From All Africa.
African countries must overcome fear of fellow Africans, remove barriers and allow free movement and inter-African trade to take root among their own people in the interest of economic integration and unity, a political analyst says.
Xenophobic tendencies displayed by Zimbabweans and South Africans against their fellow Africans are disturbing and anti-African, political analyst and publisher Dr Ibbo Mandaza told the audience at a public lecture at the University of Zimbabwe Institute of Development Studies, according to a report in All Africa.
The lecture provided a platform for speakers to reflect on the 50th anniversary of the founding of the African Union. The theme was, “Fifty Year Journey of the African Union: Achievements, Challenges and Prospects.”

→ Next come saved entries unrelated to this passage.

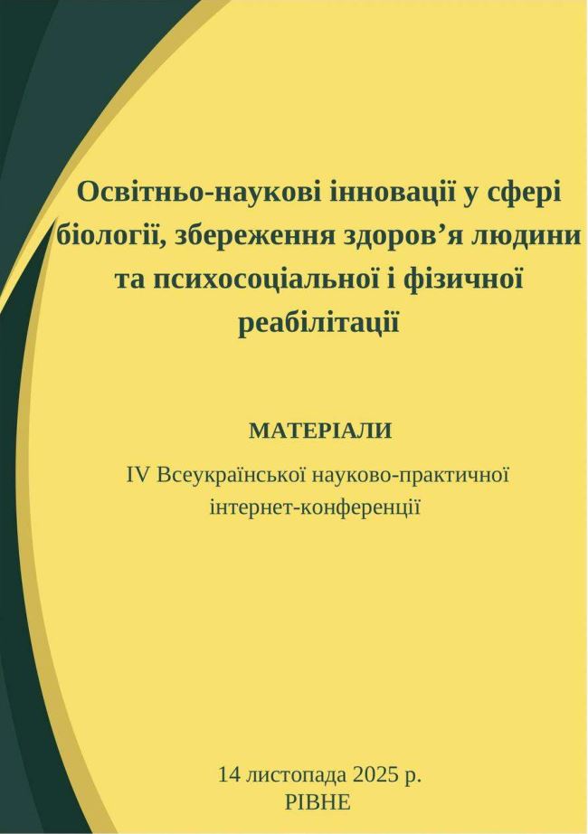 Освітньо-наукові інновації у сфері біології, збереження здоров’я людини та психосоціальної і фізичної реабілітації: збірник матеріалів ІV Всеукраїнської науково-практичної інтернет-конференції (м. Рівне, 14 листопада 2025 р.).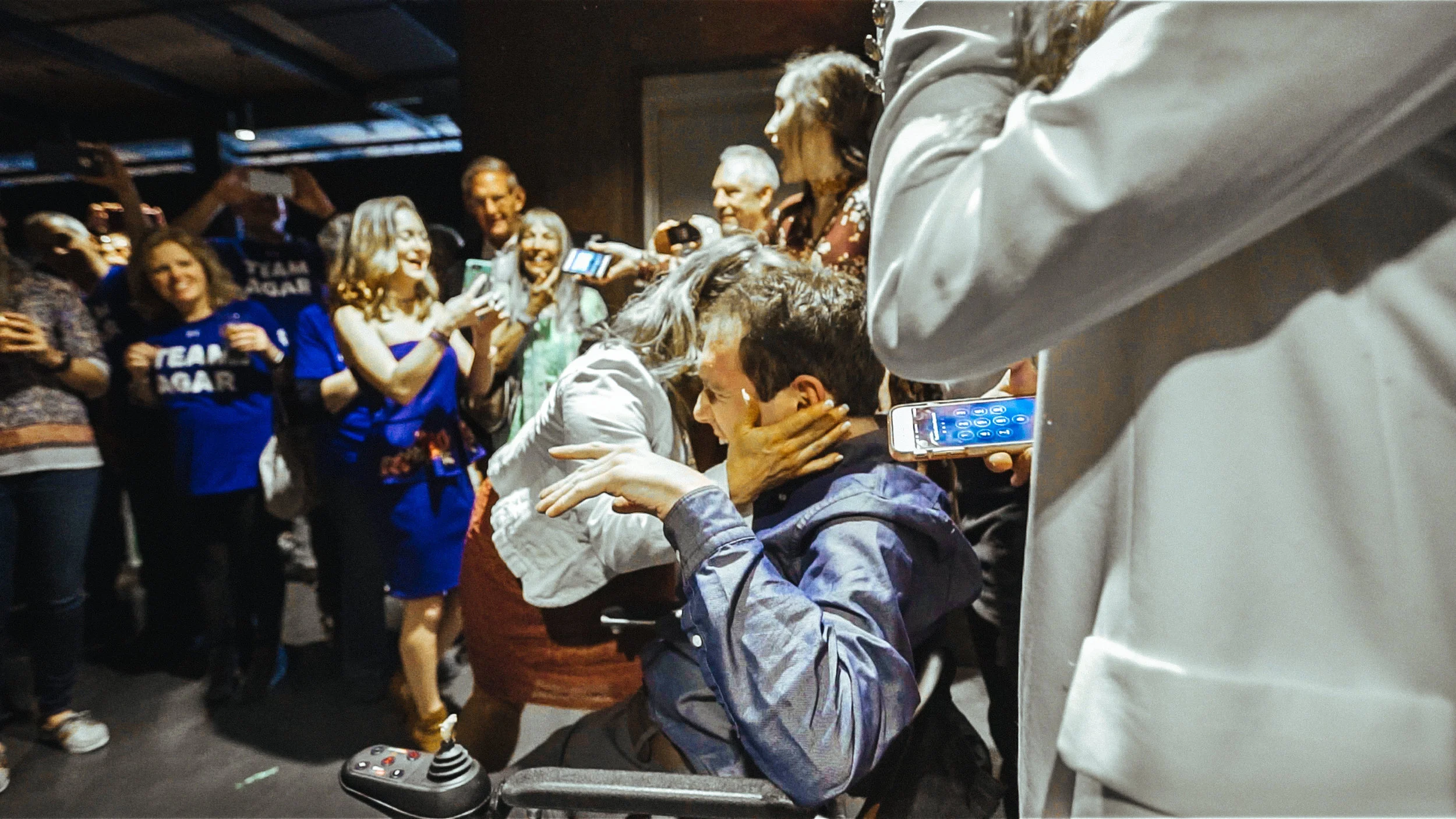 Overview: It started with social listening. I came across a tweet about Johnny Agar - a young athlete with cerebral palsy - and how UA's RULE YOURSELF film inspired him and his dad in their racing journey. With the help of his dad, Jeff, Team Agar trains together for ironman triathlons, where Jeff pushes and pulls Johnny along through water, on a bike, and on foot. Johnny's goal is to walk the last mile of a race on his own, with only the help of his walker. According to his mom, he would watch Phelps' RULE YOURSELF film on repeat, so she decided to make a version of the film, starring Johnny.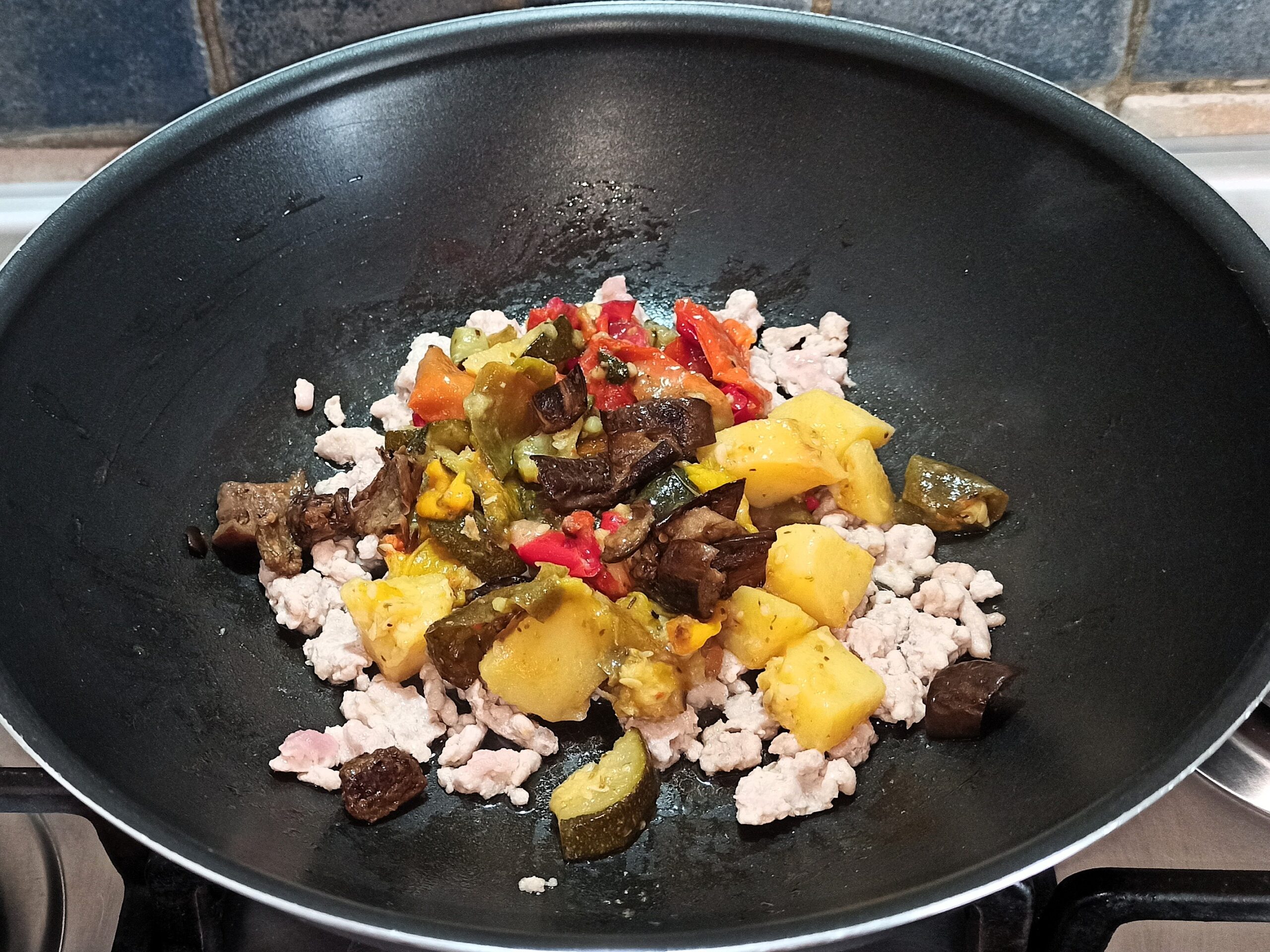Appena l’alcol sarà evaporato, aggiungete le verdure, regolate di sale, mescolate a fate insaporire a fiamma bassa.

“Zimbabweans and South Africans seem to suffer from very acute amnesia forgetting the sacrifices that were made by other African countries for them to be liberated,” Mandaz said. “Nigerians in the 1970s gave a $1 each for the liberation fund. We cannot be pan Africanists while at the same time we are xenophobic, calling Malawians and Zambians ‘aliens.'”
Also speaking at the lecture, University Vice Chancellor Prof. Levy Nyagura said, “Most of the issues that were echoed by our forefathers in 1963 when the (African Union) was founded are still relevant today. The question we have to ask ourselves is how far have we gone in realizing Kwame Nkrumah’s dream of a united Africa?”